Таблица 1: результаты поиска в базе данных. Белки были определены жидкостной хроматографии в сочетании масс-спектрометрии и базы данных поиска. Имена белка, присоединение номер и описание, а также белка приводятся массовой. Оценка белка, количество наблюдаемых спектров на белок и количество наблюдаемых пептид последовательностей перечислены. Для каждого субъединицы белка перечислены пять пептиды с наивысшими баллами пептиды талисман. Пожалуйста, нажмите здесь, чтобы загрузить этот файл.

Таблица 2: перекрестные ссылки наблюдается в RvB1/B2 и CPS. Субблоков комплексы и сшитого остатков даны. Типа перекрестных ссылок (внутри - или между молекулярной) было выявлено из перекрывающихся пептид последовательностей или предыдущие исследования35. Пожалуйста, нажмите здесь, чтобы загрузить этот файл.

Обсуждение

Протоколы предназначены для массы на основе спектрометрии структурного анализа многолетних Субблок белковых комплексов. Двух методов, описанных в протоколе, главным образом доставить дополнительные результаты и хорошо подходит, чтобы получить понимание структурных договоренностей в рамках белка (-лиганд) комплексов, которые трудно изучать, структурными аналогами. Родной масс-спектрометрии обеспечивает понимание stoichiometries белка, а также взаимодействия протеина путем анализа Субкомплексы и стабильного взаимодействия модулей. Сшивки, с другой стороны, дает информацию о прямых контактов. В зависимости от крест-компоновщик используется определенную гибкость могут или должны быть включены в анализ.

Предоставленные протоколы являются в целом легко выполнять и не отнимает много времени. Весь протокол может быть выполнен в течение одной недели и может быть применен к почти всех белковых комплексов, хотя, для успешного анализа требуется определенное количество комплекс белков. Подготовка образца проста и не требует специально очищенный протеин комплексов. Однако одной типичной ошибкой является загрязнение образца во время подготовки проб для определения массы на основе спектрометрии белков. Эти загрязнений в большинстве случаев включают кератины, происходящих от пыли, кожи или волос. Поэтому осторожность как носить перчатки и лаборатории пальто, фильтрационные водный буферов и с использованием высокой чистоты растворителей следует принять в ходе подготовки проб для определения массы на основе спектрометрии белков. Другие загрязняющие белков, таких как сопровождающим обычно вводятся во время очистки белков, например, при использовании сходства Теги. В этих случаях следует улучшить очищение протеина, например путем увеличения Стиральная шаги. В любом случае, белковых загрязнений в образце легко определяются в ходе поиска по базе данных, минуя фильтр таксономии (то есть, Поиск против белков от всех видов). Если только несколько пептиды наблюдаются (т.е., низкое содержание белка покрытия могут быть получены), хотя достаточно образец доступен, он может быть необходимо использовать различные протеиназ во время пищеварения. В целом трипсина дает достаточное количество пептиды; Однако в некоторых случаях, таких как мембранных белков или домены мембранных белков, уменьшается количество сайтов tryptic расщепления и другие ферменты, ориентация гидрофобные аминокислоты являются лучшим выбором.

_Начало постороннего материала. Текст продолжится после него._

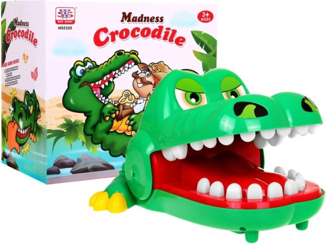 | The crocodile boldly opens its jaws and we see a row of beautiful, straight teeth, but unfortunately one of them hurts. Press your finger down on any tooth in turn (with multiple players, take turns). 3 GAME VARIANTS: 1. SORE TOOTH - red button - activates the first game mode. - after pressing it, start the game: press one tooth after another... If you hit the sore tooth, the crocodile will bite you! That means you lose. 2. REFLEX GAME: - press the tooth that lights up orange, - quickly press the teeth that light up one after another; the lighting speed will increase, - if two teeth light up at the same time, try to press them as fast as possible one after the other, - if you press incorrectly three times, the crocodile closes its jaws, you lose, the game ends. - at the end of the game, the number of lit teeth will correspond to your reflex level. 3) MEMORY: - press the green-lit tooth, - memorize the lit teeth, - when the crocodile asks "Which tooth hurts?", press the teeth you memorized, - you can try again if your answer is correct, - the number of lit teeth will increase and their lighting time will keep getting shorter. - if you answer incorrectly, the crocodile’s jaws will close and bite your finger. | ||

С точки зрения инструментария особенно измененный документ необходим для родной масс-спектрометрии, которая поддерживает non ковалентные взаимодействий во время передачи в газовой фазе. Были введены несколько типов инструментов, включая инструменты Q-ToF и Орбитрэп. В то время как изменение Q-ToF масс-спектрометров коммерчески доступны для родной масс-спектрометрии с нескольких лет, последний только недавно появились и в большинстве случаев требуют специализированных модификации45. Однако применение инструментов с высоким разрешением позволило изучению связывания нескольких лигандов и46,их количественная оценка47 и является перспективным для будущих приложений.

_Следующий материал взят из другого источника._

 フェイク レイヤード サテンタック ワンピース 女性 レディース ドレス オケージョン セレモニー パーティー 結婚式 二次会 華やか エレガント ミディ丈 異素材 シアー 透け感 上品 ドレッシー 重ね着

Чтобы определить сшитого ди пептиды, жидкостной хроматографии в сочетании масс-спектрометрии, могут применяться стандартные процедуры с несколькими изменениями. Однако поиск по базе данных является ограничивающим фактором, специализированное программное обеспечение редко могут иметь дело с большими базами данных, а также сокращение базы данных, содержащие субблоков протеина комплексов требуются. Недавние исследования использовали Массовое спектрометрирование горные сшивок ориентации взаимодействий протеина в всю ячейку лизатов48,49. Использование химических сшивок, которые фрагмента в тандеме масс-спектрометрии экспериментов основном дает линейной пептиды (изменена крест-компоновщик), которые могут быть идентифицированы по дальнейшей фрагментации и базы данных поиска линейной пептидов, и это уменьшает время поиска и вычислительной поиск пространства. Однако чтобы выполнить эти эксперименты, требуется масс-анализатор для ионной ловушки или гибридный масс-спектрометр с ионной ловушки. В общем как ложных срабатываний являются важным вопросом, массовые спектры сшитого пептиды часто проверяются вручную по качеству их спектры фрагмент который простирается время анализа данных чрезвычайно. Разработка надежных скоринговых систем, которые могут быть применены без дальнейших шагов проверки являются поэтому потенциальных будущих приложений. Одним из способов для улучшения анализа данных и уменьшить количество ложных срабатываний было введение ложных обнаружения скорость расчетов и их применение для сшивки50наборов данных.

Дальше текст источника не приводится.